Question

Two charges of equal magnitudes kept at a distance r exert a force F on each other. If the charges

are halved and distance between them is doubled, then the new force acting on each charge is

(a) F/8

(b) F/4

(C) 4F

(d) F/16​

Answer 1

Explanation:

Original force,

F = k qq/2

New force,

F=k q/2 × q/2 ÷ (2r)^2

= 1/16 F

= F /16

Hence,

option (D) is correct answer.

Answer 2

Answer:

The new force acting on each charge is F/16 i.e.option(d).

Explanation:

From Columb's law, we have,

$F=\frac{kQ_1Q_2}{r^2}$        (1)

Where,

F=force on the charges

k=proportionality constant

Q₁, Q₂=charges

r=distance between the charges

From question,

∴Q₁=Q₂=Q                (charges of equal magnitudes)

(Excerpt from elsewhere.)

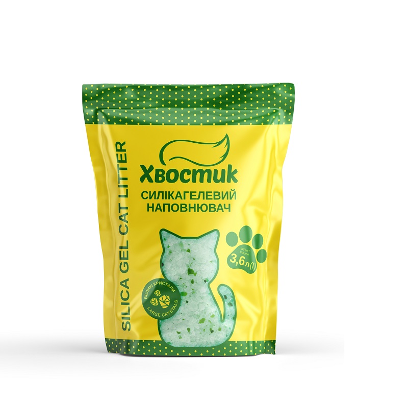 Силікагель – це висушений гель полікремнієвої кислоти (SiO2), який хімічно складається з тієї ж сполуки, що й звичайний пісок, але є високопористим тілом, тому має велику площу поверхні (800 м²/1 г). Завдяки цій властивості силікагель має унікальну абсорбуючу (вбираючу) здатність. Волога і запах зникають у силікагелі миттєво, але сам наповнювач ніколи не перетворюється на в’язку масу і не прилипає до котячих лап, а отже, не розноситься по дому.Силікагель – це гігієнічний наповнювач, він чудово справляється з будь-якими бактеріями, підтримуючи чистоту в будинку та охороняючи здоров’я кота. В середньому один пакет 3.6 л силікагелевого наповнювача Хвостик розрахований на 3 тижні для одного кота. На цей час ви забуваєте про неприємний запах і зайвий клопіт по догляду за домашньою твариною. Дрібні зелені гранули додають силікагелю Хвостик естетичності і є універсальними як для котів, так і для кішок.Інструкція із застосування:1. Наповніть сухий та чистий туалет силікагелевим наповнювачем (шар від 3 до 5 см).2. Регулярно видаляйте тверді відходи.3. Перемішуйте вміст лотка раз на 1-2 дні.4. Не рідше 1 разу на 3-4 тижні повністю замінюйте наповнювач на свіжий.5. Щоб уникнути забруднення каналізаційних стоків, не викидайте використаний силікагелевий наповнювач в унітаз.Вага: 1,35 кгРозмір гранули: 1-8 мм.

The force acting is given as,

$F=\frac{k\timesQ\times Q}{r^2}=\frac{k\times Q^2}{r^2}$            (2)

Now if the charges are halved and the distance between them is doubled then,

$F'=\frac{k\times \frac{Q}{2}\times \frac{Q}{2}}{(2r)^2}=\frac{k\times Q^2}{16r^2}$      (3)

By comparing equations (2) and (3),

$F'=\frac{F}{16}$

Hence, the new force acting on each charge is F/16 i.e.option(d).